- **INFORMATION SUPPLIED**

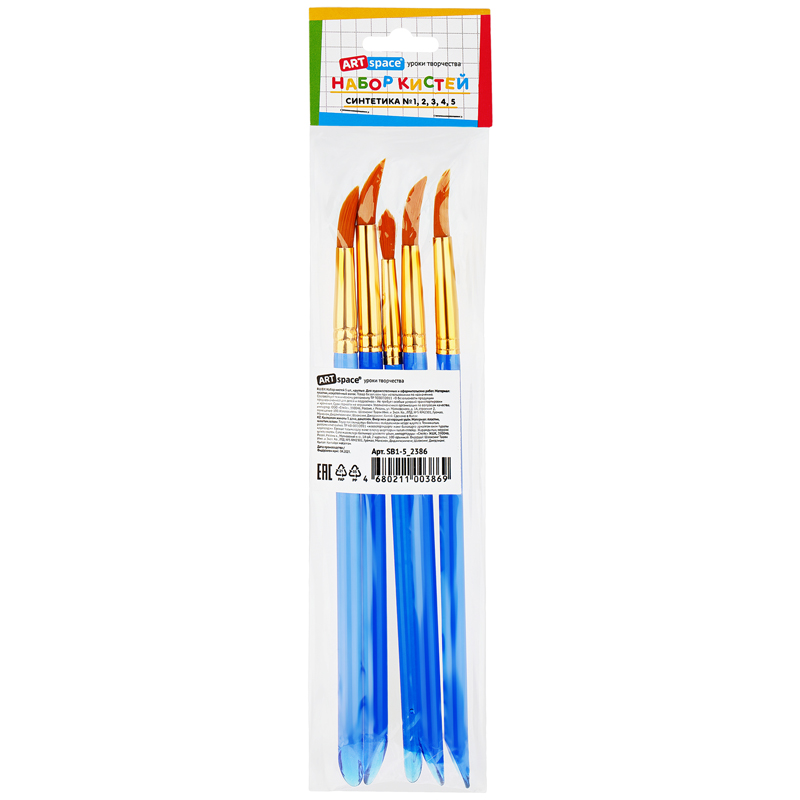 Набор кистей ArtSpace 5шт., синтетика, круглые, № 1, 2, 3, 4, 5, пакет, европодвес (SB1-5_2386)
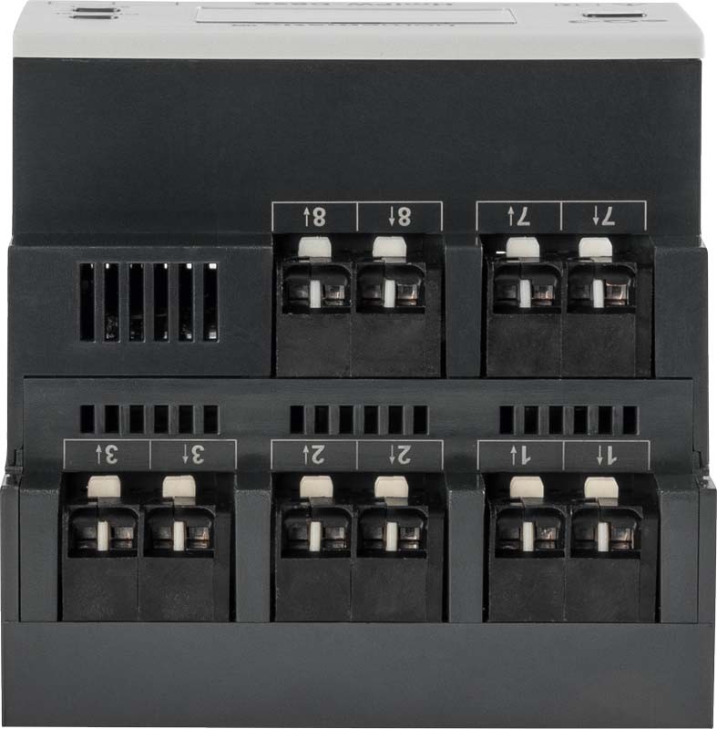 - Schaltet angeschlossene Verbraucher (z. B. Leuchten) über 8 unabhängige Kanäle ein bzw. aus (je Kanal ein Schließer, bistabil, Gesamtbelastbarkeit bis 80 A)
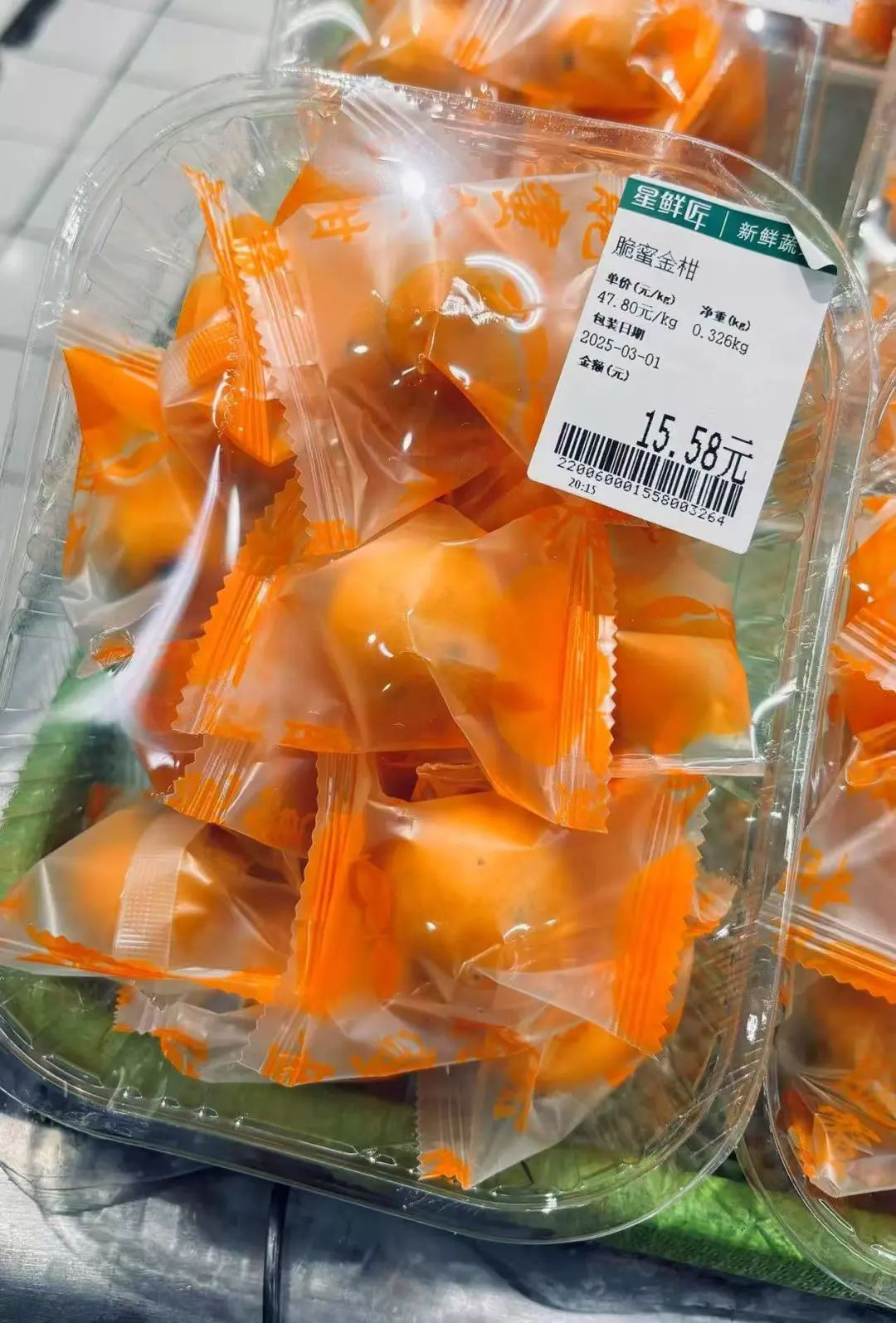 @志超(男 38 北京 “邮差慢递”活动发起人):超市买菜时标签码必须贴在袋子上,所以就导致每个菜必须有一个塑料袋装。还有逛超市看到的这种由一个个小袋子独立包装,又被塑料膜封在塑料盒里的脆蜜金柑。

- **TASK STATEMENT**
Would you repeat the complete listing exactly, excluding each picture it holds?

- **SOLUTION FOR THIS EXERCISE**
 Набор кистей ArtSpace 5шт., синтетика, круглые, № 1, 2, 3, 4, 5, пакет, европодвес (SB1-5_2386)
 - Schaltet angeschlossene Verbraucher (z. B. Leuchten) über 8 unabhängige Kanäle ein bzw. aus (je Kanal ein Schließer, bistabil, Gesamtbelastbarkeit bis 80 A)
 @志超(男 38 北京 “邮差慢递”活动发起人):超市买菜时标签码必须贴在袋子上,所以就导致每个菜必须有一个塑料袋装。还有逛超市看到的这种由一个个小袋子独立包装,又被塑料膜封在塑料盒里的脆蜜金柑。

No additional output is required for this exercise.